Data to process START
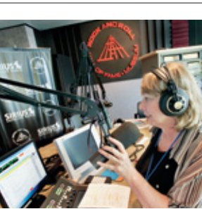
Top: Bloggers report from the 2008 Democratic National Convention in Denver, Colorado. Above: A live satellite radio broadcast from the Rock and Roll Hall of Fame in Cleveland, Ohio.
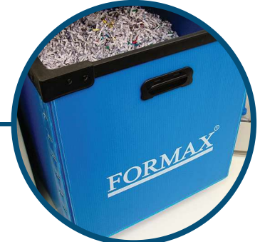
Durable Waste Bin Lifetime guaranteed rugged molded plastic for durability
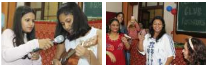
French National Day celebration

The French Club aims to encourage and enhance the linguistic skills of the students by creating a mélange between the love for France, the French language and the French Culture. The students come together and organize activities like French Fiesta, Amazing Race and French National Day.
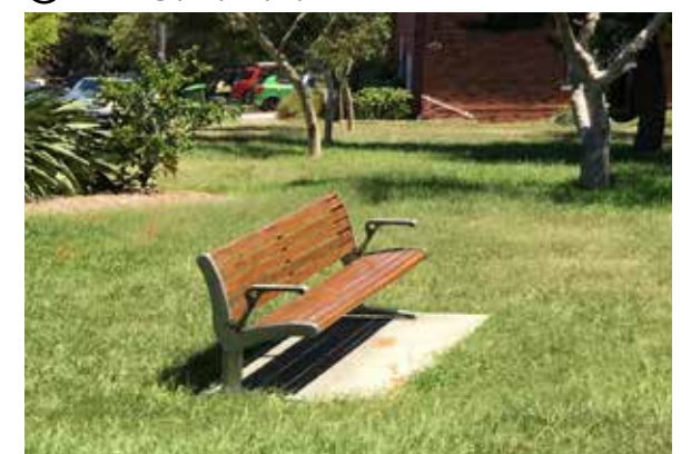
⑥ Existing seat
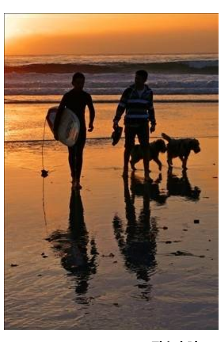
Third Place Pictorial Projected Images - Intermediate End of the day Annie Trouve Berkeley Camera Club
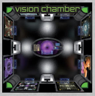
"Video screens, excellent! A good time to place your token!"

Take your character figurine and place it on the Central room.
Data to process END
◆ Instructions to follow ◆
Omit the pictures, then quote the rest of the material above exactly.

◆ The answer ◆
Top: Bloggers report from the 2008 Democratic National Convention in Denver, Colorado. Above: A live satellite radio broadcast from the Rock and Roll Hall of Fame in Cleveland, Ohio.
Durable Waste Bin Lifetime guaranteed rugged molded plastic for durability
French National Day celebration

The French Club aims to encourage and enhance the linguistic skills of the students by creating a mélange between the love for France, the French language and the French Culture. The students come together and organize activities like French Fiesta, Amazing Race and French National Day.
⑥ Existing seat
Third Place Pictorial Projected Images - Intermediate End of the day Annie Trouve Berkeley Camera Club
"Video screens, excellent! A good time to place your token!"

Take your character figurine and place it on the Central room.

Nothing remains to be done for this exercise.